ROANOKE TIMES 
                      Copyright (c) 1996, Roanoke Times

DATE: Friday, January 26, 1996               TAG: 9601260091
SECTION: VIRGINIA                 PAGE: B-5  EDITION: METRO 
DATELINE: RICHMOND
SOURCE: ROBERT LITTLE STAFF WRITER 


COOPERATION? AND THEY CALL THEMSELVES VIRGINIA POLITICIANS GENERAL ASSEMBLY 1996

Virginia's state senators didn't plot against one another, fire dozens of people or grind the wheels of government to a stop Thursday.

As such, they called it nothing short of a historic milestone in state politics.
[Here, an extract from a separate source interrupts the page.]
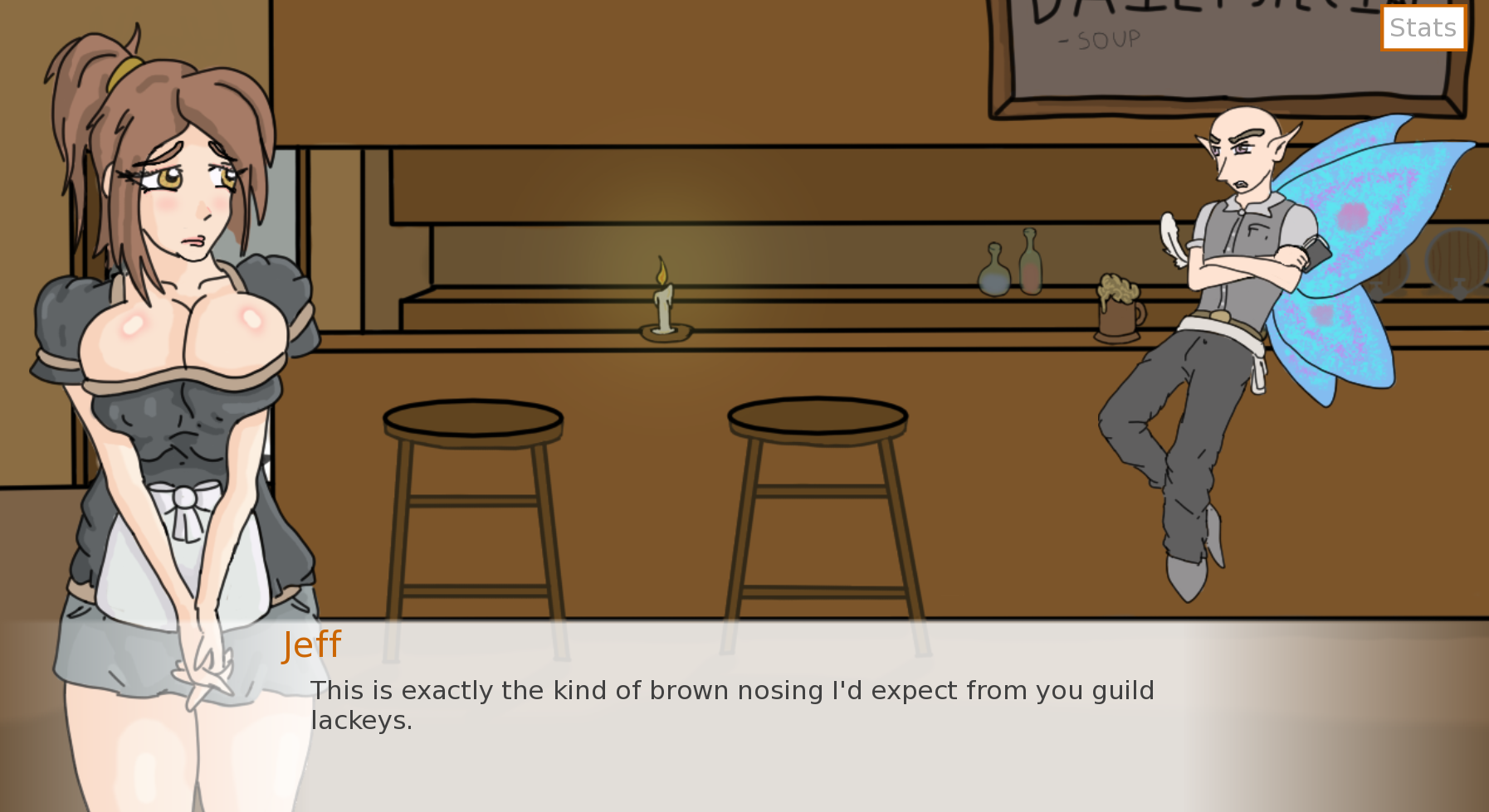 Wench Quest предлагается вам xGames в списке игр для взрослых. Бесплатный доступ к этой игре предоставляется всего в несколько кликов. xGames ежедневно доставляет вам все новые игры.Даллию отправляют в маленький приграничный городок Оринсбург, чтобы она разбогатела в качестве девицы, ведь самые большие чаевые дают искатели приключений! Сможет ли она завести новых друзей и вписаться, и сможет ли она распутать интригу в пабе «Вонючий гоблин»?

The General Assembly on Thursday reappointed about four dozen judges from around the state whose terms are expiring. In the Senate, members approved the list unanimously and without discussion.
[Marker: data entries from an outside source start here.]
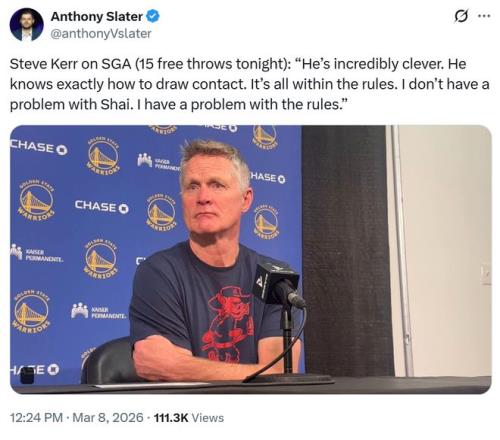 雷霆常規賽4-0橫掃勇士成西部唯一!SGA狂造15次罰球砍27+5+5惹爭議,科爾公開表達對於吹罰規則的不滿,哈登意外遭點名躺槍。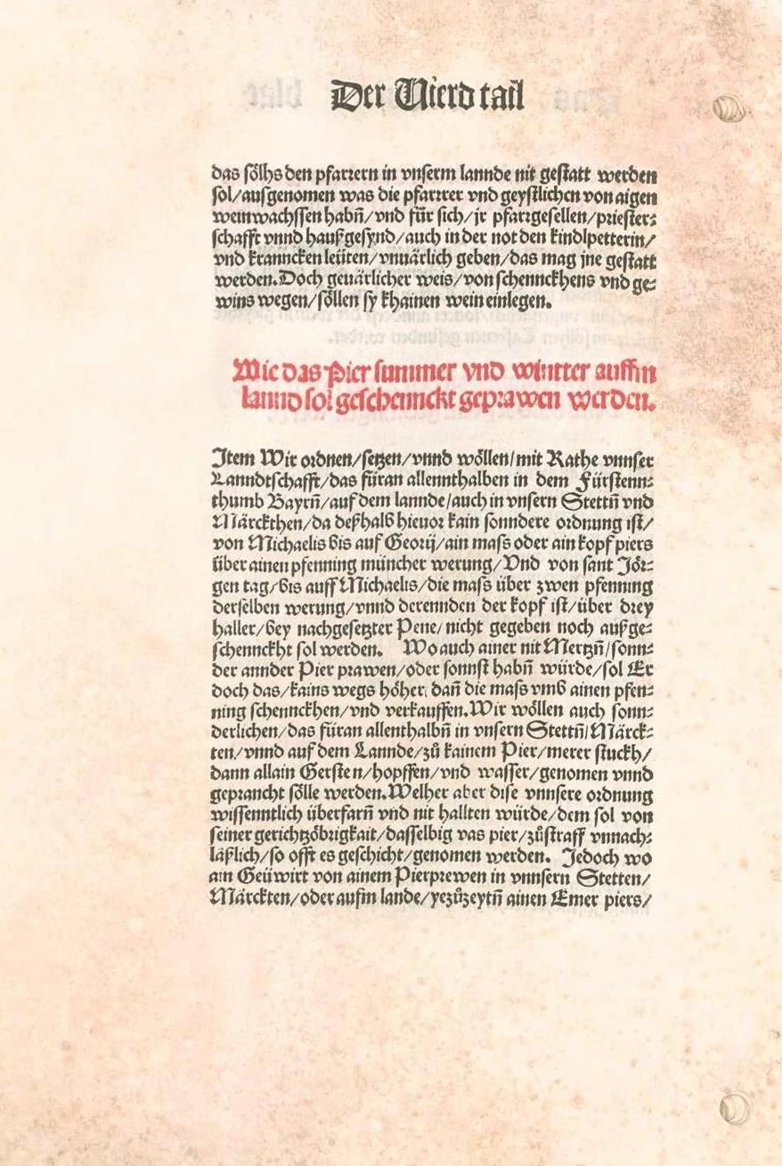 Das bayerische Reinheitsgebot in der durch den späteren Kanzler Leonhard von Eck (1480-1550) verfassten, am 23. April 1516 von den Herzögen Wilhelm IV. und Ludwig X. in Ingolstadt erlassenen Landesordnung. Abb. aus: Das büch der gemeinen. landpot. Landsordnüng. Satzüng. vnd Gebreüch, des Fürstennthumbs. in Obern. vnd Nidern Bairn. Jm Funftzehnhundert vnd Sechtzehendem Jar aufgericht, München 1516. (Bayerische Staatsbibliothek, 2 L.impr.membr. 45, Bl. 36v)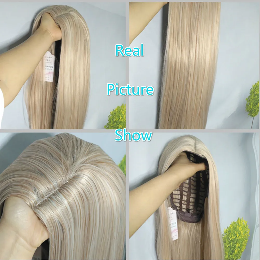 FAVE Long Straight Pure Light Brown Blonde Long Synthetic Wigs for White /Black Women 22 Inch Middl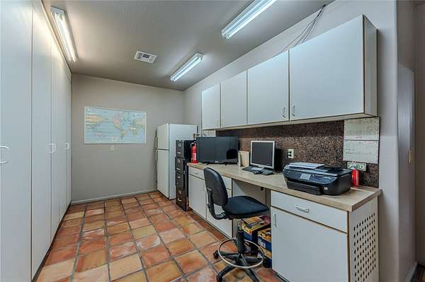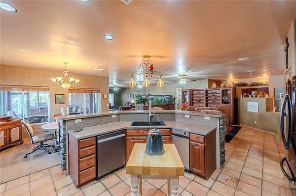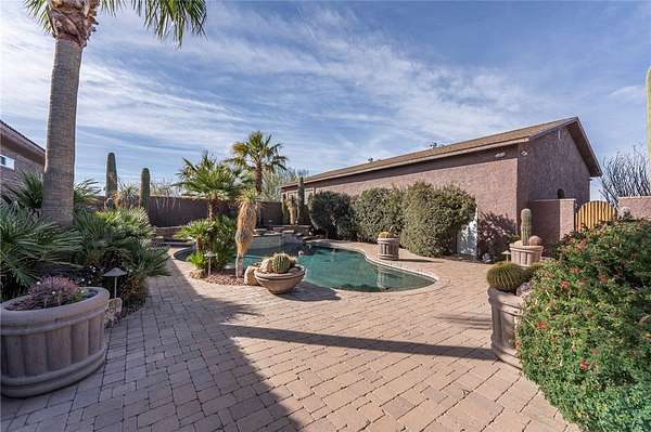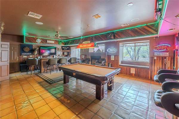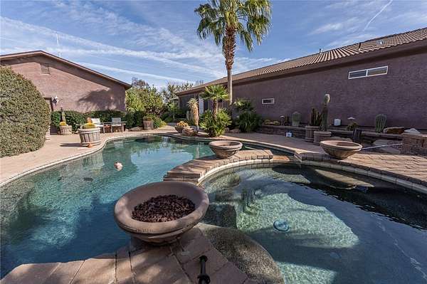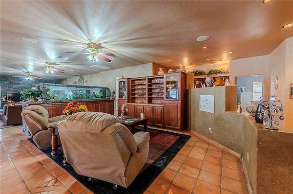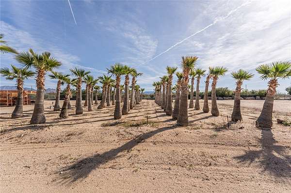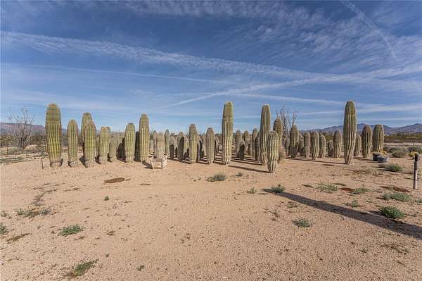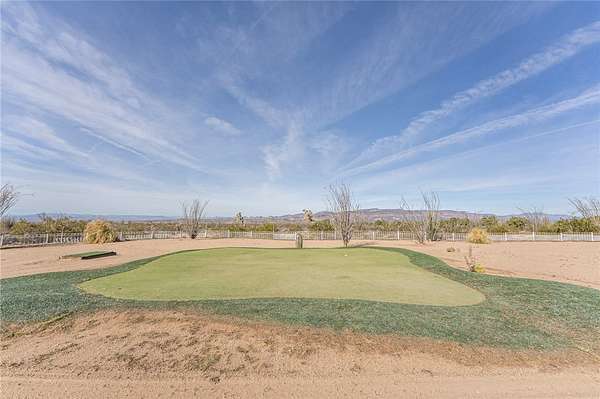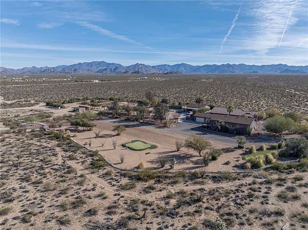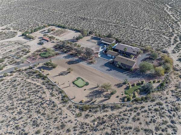 Experience elevated resort-style living in this custom-designed desert estate, where refined luxury meets breathtaking open space and unparalleled amenities. The 3-bedroom, 3-bath main residence is a showcase of architectural elegance and thoughtful design. A great room welcomes you with a striking natural stone fireplace and custom aquarium, creating a dramatic yet inviting focal point. A versatile flex space transitions effortlessly between an intimate sitting salon and formal dining room. The kitchen is sophisticated and functional, offering abundant cabinetry, stainless steel appliances, breakfast bar, and casual dining area designed for effortless entertaining. A well-appointed utility room features extensive built-in storage and a dedicated workspace. Designed for hosting on any scale, the recreation room boasts a full bar, window seating, pool table, and ample storage, an entertainer's dream for lively gatherings or private viewings of your favorite sporting events. The primary suite is a serene sanctuary, complete with two spacious walk-in closets, a cozy natural stone fireplace, private sitting area, and direct patio access. The primary bath indulges with a soaking tub, walk-in shower, and dual vanities. Seamlessly blending indoor and outdoor living, the sun room offers a tranquil retreat, while the observation deck provides a stunning vantage point for fiery desert sunsets and brilliant stargazing. Your private courtyard oasis awaits with a heated pool and spa, fire pit, expansive decking, mature fruit trees, and covered patio featuring a built-in BBQ and soothing water fountain, an idyllic setting for relaxation and entertaining alike. The 2,000+ sq. ft. guest house offers versatility with central heat and air, kitchen and dining areas, a full bath, bedroom loft, custom office, and central space with built-ins and storage perfect for multi-generational living, guests or game room. Automotive enthusiasts will appreciate the detached 3-car garage, covered parking, and 34 x 40 workshop. Two additional outbuildings and private 9-hole golf course elevate this estate. Gated with a scenic approach to the main house. The palm tree and barrel cactus farms offer income potential or landscaping projects around your 60-acre desert paradise. This desert sanctuary offers sophistication, recreation, privacy, and endless possibilities.

That wouldn't normally be noteworthy, but the list submitted for consideration this year was signed by members of both political parties - not just the Democrats. Giving Republicans a say in appointing judges was a key compromise when senators divided power in a chamber now represented equally by both parties.

The state Constitution requires 21 votes in the Senate to nominate judges, so neither party has the heft to name judges alone. That means Republicans could have forced some Democratic judges from the bench. But they didn't.

"It is an historic moment, I think, to see bipartisan cooperation on an issue that had been so political in the past," said Sen. Joseph Gartlan, D-Fairfax County.

Some members of the House of Delegates, which also approved the list Thursday, refused to vote as a way to protest the new arrangement. Democrats still rule in the House. But without a guaranteed concurrence from their Senate counterparts, they no longer can control the nomination process.

The true test of the legislature's new bipartisan design will come March 8, when members vote to fill judicial vacancies.

Republicans who negotiated their party's new sway said they never intended to meddle with the sitting judges - only to help choose new ones.

"I guess we can't declare it a complete success quite yet," Gartlan said.

Judges in Western Virginia who were reappointed to six-year terms Thursday were:

Julian Raney, General District Court, Roanoke.

Frank Greenwalt, General District Court, Patrick County.

Patrick Graybeal, Juvenile and Domestic Relations Court, Montgomery County.

Junius Warren, Juvenile and Domestic Relations Court, Martinsville.